When available, genetic testing using next generation sequencing has now become a cornerstone for investigation of developmental and epileptic encephalopathy (DEE). Testing of epilepsy panels is more cost effective that individual gene sequencing. This approach not only allows a wider net to be cast but many times we are surprised by finding “a” genetic variant not previously known to be associated with “the” DEE being investigated instead of finding “the” genetic variant that is known to cause “that particular DEE.” Pathogenicity of a new variant is typically determined based on guidelines like those published by the American College of Genetics and Clinical Genomics. 1 Additionally, disease gene validity is established through the periodic updating of clinical phenotypes associated with new pathogenic variants (in a gene thought to be causative for epilepsy).
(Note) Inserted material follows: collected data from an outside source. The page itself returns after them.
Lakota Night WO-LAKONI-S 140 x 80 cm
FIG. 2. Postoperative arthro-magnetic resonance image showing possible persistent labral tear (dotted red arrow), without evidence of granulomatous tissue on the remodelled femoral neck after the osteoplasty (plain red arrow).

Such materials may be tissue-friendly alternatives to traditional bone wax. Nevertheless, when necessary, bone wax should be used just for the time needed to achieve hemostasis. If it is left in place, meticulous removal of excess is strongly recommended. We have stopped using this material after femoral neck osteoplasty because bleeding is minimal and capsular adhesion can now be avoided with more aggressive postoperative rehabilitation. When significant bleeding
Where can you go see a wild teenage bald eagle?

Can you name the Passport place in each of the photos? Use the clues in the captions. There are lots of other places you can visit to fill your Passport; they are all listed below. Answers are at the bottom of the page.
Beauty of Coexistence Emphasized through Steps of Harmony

As an example, the syndrome of Malignant Migrating Partial Seizures of Infancy (MMPSI) was initially described due to gain of function mutations in the C terminus at various positions in KCNT1 but later also described in a Canadian family with different heterozygous variants where affected individuals had both an early onset DEE and a milder phenotype. 2,3
Thus, we are constantly widening the borders of the “known and initially described” phenotype associated with mutations in a particular gene as new pathogenic variants are discovered. A cursory Pubmed search with the phrase “expanding the phenotype of …” yielded close to 200 hits with quite a few large-scale studies published within the last couple years on various DEEs including CHD2, PURA, KCNB1, etc. 4 -6 Such publications enrich genotype–phenotype associations, help with timely initiation of appropriate therapies, could guide genetic counseling, and improve interpretation of new variants. To complicate matters further, for the syndrome of MMPSI also called Epilepsy of infancy with Migrating Focal Seizures (EIMFS), more than 30 genes are now implicated. 7 However, most cases are caused by mutations in KCNT1. In DEE that are multigenic and rare, large cohorts of patients described through multicenter, national, and international collaborative efforts are necessary for widening the clinical phenotype.
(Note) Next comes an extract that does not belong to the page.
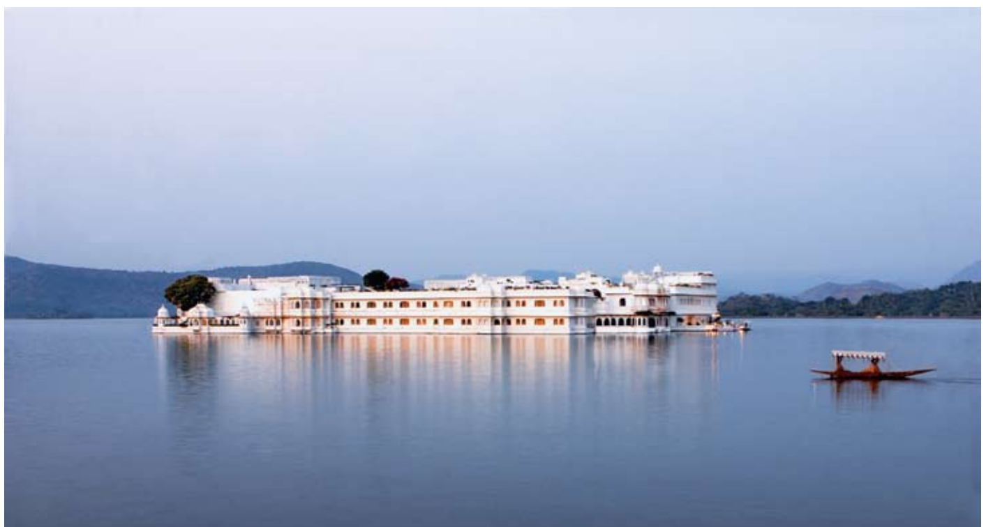
Taj Lake Palace, Udaipur

Through an international collaboration, Bonardi et al 8 publish the largest cohort yet of patients with KCNT1-associated epilepsy. How does their paper add to other publications on DEE associated with KCNT1 variants in the last several years 7,9,10 ? The authors embarked on a monumental task of cataloguing heterogeneous, retrospectively obtained information into a uniform cataloguing system of phenotypic characteristics, seizure and EEG characteristics, treatment effects and lastly; phenotype–genotype correlations for 66 newly described and 182 previously published cases.
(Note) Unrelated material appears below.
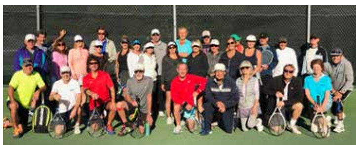
2017 Fall Mixed Doubles Tournament
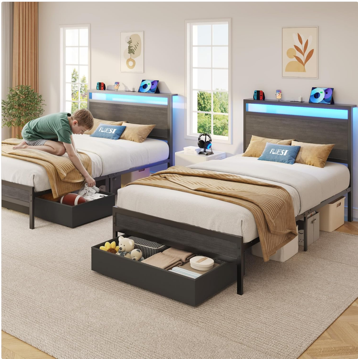
Figure 4: Smart RGB LED light features, controllable via app or remote for various settings.

Expansion of the Genotype and Phenotype by Including 248 Patients With KCNT1 Variants in the Present Cohort
Salient Take Away Message From the Phenotypic Analyses
Although these and previous authors classified patients into 4 clinical categories: (i) EIMFS, (ii) other early onset epileptic encephalopathy (EOEE) without EIMFS, (iii) autosomal dominant/sporadic Sleep-related Hypermotor Epilepsy (ADSHE), and (iv) other seizure types; in the end—there remain 2 major phenotypes of epilepsy associated with KCNT1 mutations—(i) EOEE with or without migrating focal seizures and (ii) ADSHE.
The EOEE phenotype with or without migrating focal seizures accounts for most patients with mutations in KCNT1. Authors report that most patients are developmentally normal at onset with subsequent regression once epilepsy is established. This is however very difficult to judge when seizure onset is within the first couple months after birth. Most patients start with focal seizures 1-1.6 months after birth, seizures are very difficult to treat, patients report multiple daily or at least daily seizures, median of 9 ASMs are used in treatment. Severe developmental delay is common with most patients being non ambulatory at last follow-up. However, despite the treatment challenges, most patients report reduced seizure frequencies over time. Medication combinations associated with better seizure control include phenobarbital, quinidine, vigabatrin, clobazam, ketogenic diet. Varying presentations of seizure types and epilepsy syndromes can be reported including epileptic spasms, West syndrome, and Ohtahara syndrome. EEG is typically suggestive of a severe DEE with multifocal epileptiform activity, decremental pattern, hypsarrhythmia. MRIs can be nonspecifically abnormal with atrophy, white matter abnormalities, leukoencephalopathy. Comorbid microcephaly is noted in close to 50% patients, scoliosis and cortical visual loss is also noted. Overall, a higher mortality is noted in the EOEE phenotype than ADSHE phenotype.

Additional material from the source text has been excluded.